Of the smaller rooms, I was very taken by the Octagon, a charming little turret chamber imaginatively hung with Richard Foster’s modern portraits of Deene’s faithful retainers. But the overriding presence at Deene is, of course, Sir James Brudenell, 7th Earl of Cardigan of Light Brigade fame. From the various portraits – not least de Prade’s impression of the bewhiskered old thruster leading the Charge in his Cherry-picker trews – he seems to have borne a resemblance not so much to Trevor Howard (who played him in Tony Richardson’s flawed film) as to another of my favourite actors, Ronald Fraser.
There is plenty of Cardigania on show including the head and tail of his charger, the redoubtable Ronald, who also led his funeral procession.
I was fascinated by the old photographs of Lord Cardigan’s outrageously merry widow (née Horsey de Horsey, though you would have thought that one Horsey should have been enough). She survived him by 47 years, during which her eccentricity – not to mention what Mr Brudenell candidly describes as “nymphomania” – knew no bounds. One of her more curious habits, when not galloping over gravestones in the churchyard, was to arrange herself in a coffin and ask people how she looked.

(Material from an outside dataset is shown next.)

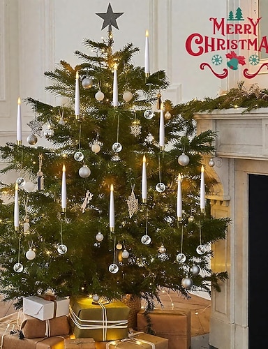 Набор из 12 светодиодных мерцающих беспламенных свечей с дистанционным управлением и крючками для хрустальных шаров. Беспламенные конические свечи на батарейках идеально подходят для украшения на

Among the exhibits at Deene is a 1950s letter from Max Beerbohm to my revered colleague Kenneth Rose describing how nearly half a century earlier he had been taken to see “the aged but unvenerated Lady Cardigan” at Deene: “She wore a wig of bright gold curls and was plastered with paint, and was dressed in the fashion of a débutante in the 1870s, and held in her hand a huge red rose”. After singing a song at the piano “she kissed her finger tips to us with great vivacity. It was all very strange and conducive to deep thought”.
In a different way the old bawd’s next-but-one successor at Deene, George Brudenell was also fairly eccentric. “Although he lived into the 1960s, my father was of another age,” recalls his son Edmund, “and quite undismayed by the lack of electricity and heating or the shortage of bathrooms. The kitchen was so far away that during the war my mother used to ride there on a bicycle”.
Since then, however, a tremendous transformation has been achieved so that both the house and the estate of Deene represent private ownership at its unrivalled best.